From Namit Jain <>
Subject Re: non map-reduce for simple queries
Date Tue, 31 Jul 2012 17:47:18 GMT

On 7/31/12 9:23 PM, "Owen O'Malley" <> wrote:

>On Mon, Jul 30, 2012 at 11:38 PM, Namit Jain <> wrote:
>> That would be difficult. The % done can be estimated from the data
>> read.
>I'm confused. Wouldn't the maximum size of the data remaining over the
>maximum size of the original query give a reasonable approximation of the
>amount of work done?

Yes and No, the filter behavior can vary a lot with the rows.
But, yes that is the best approximation we can have.
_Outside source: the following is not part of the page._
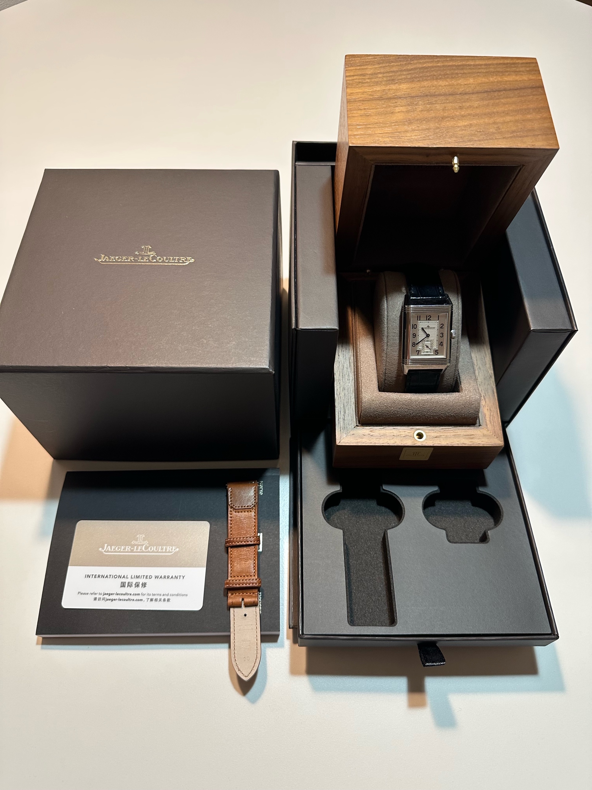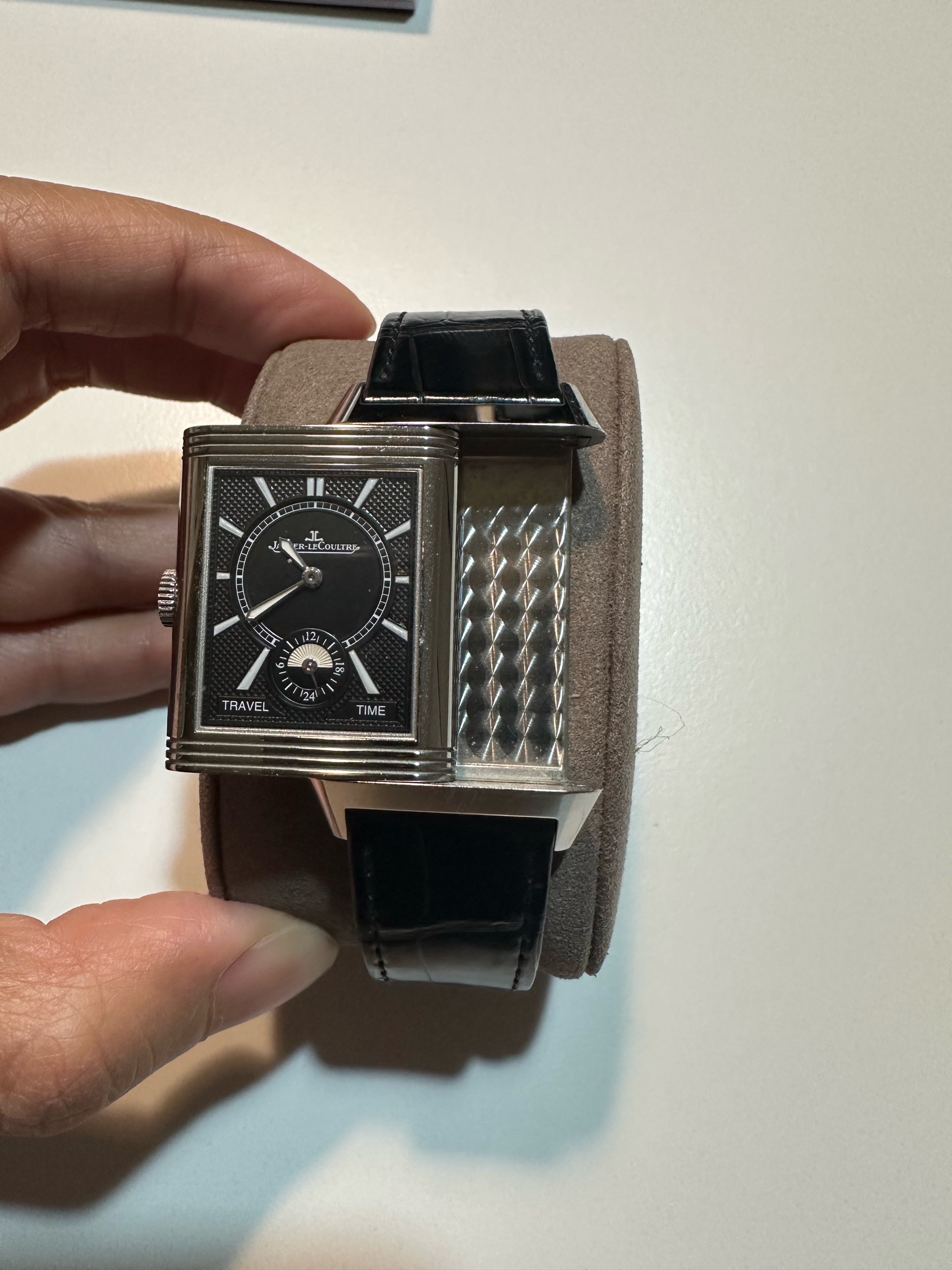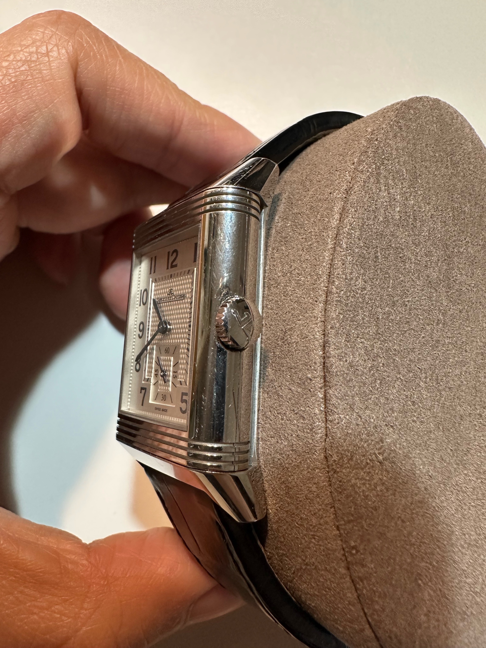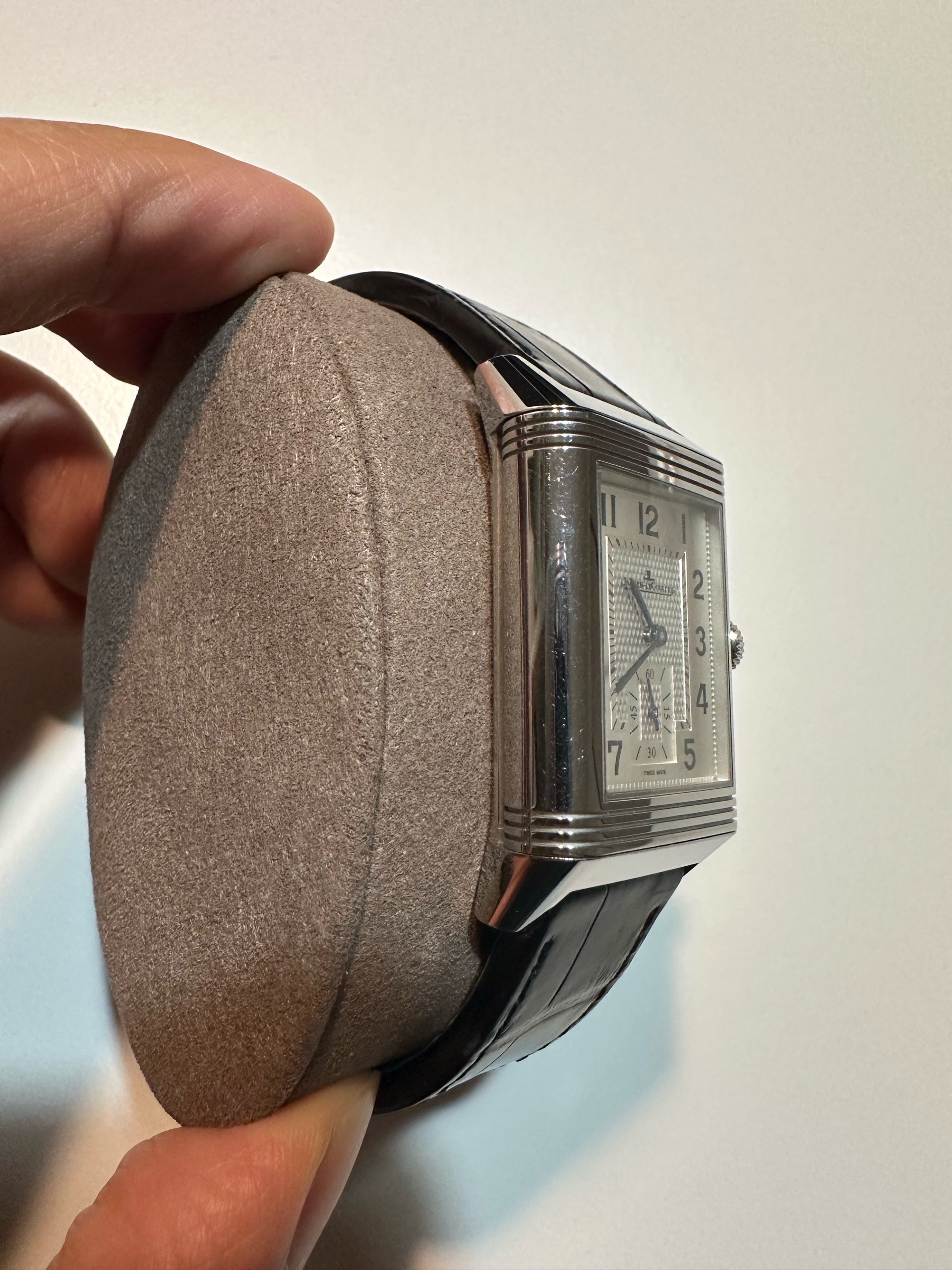 정식 구매 시 기본 줄은 브라운 소가죽 스트랩인데, 현재는 예거 르쿨트르 정품 블랙 악어줄로 교체하여져 있는 상태입니다.

>> It might be simpler to have a check like: if the query isn't done in
>> the first 5 seconds of running locally, you switch to mapreduce.
>There are three problems I see:
>  * If the query is 95% done at 5 seconds,  it is a shame to kill it and
>start over again at 0% on mapreduce with a much longer latency. (Instead
>spending the additional 0.25 seconds you spend an additional 60+.)
>  * You can't print anything until you know whether you are going to kill
>it or not. (The mapreduce results might come back in a different
>With user-facing programs, it is much better to start printing early
>instead of later since it gives faster feedback to the user.

We cannot do this in either of the above approaches.

>  * It isn't predictable how the query will run. That makes it very hard
>build applications on top of Hive.
>Do those make sense?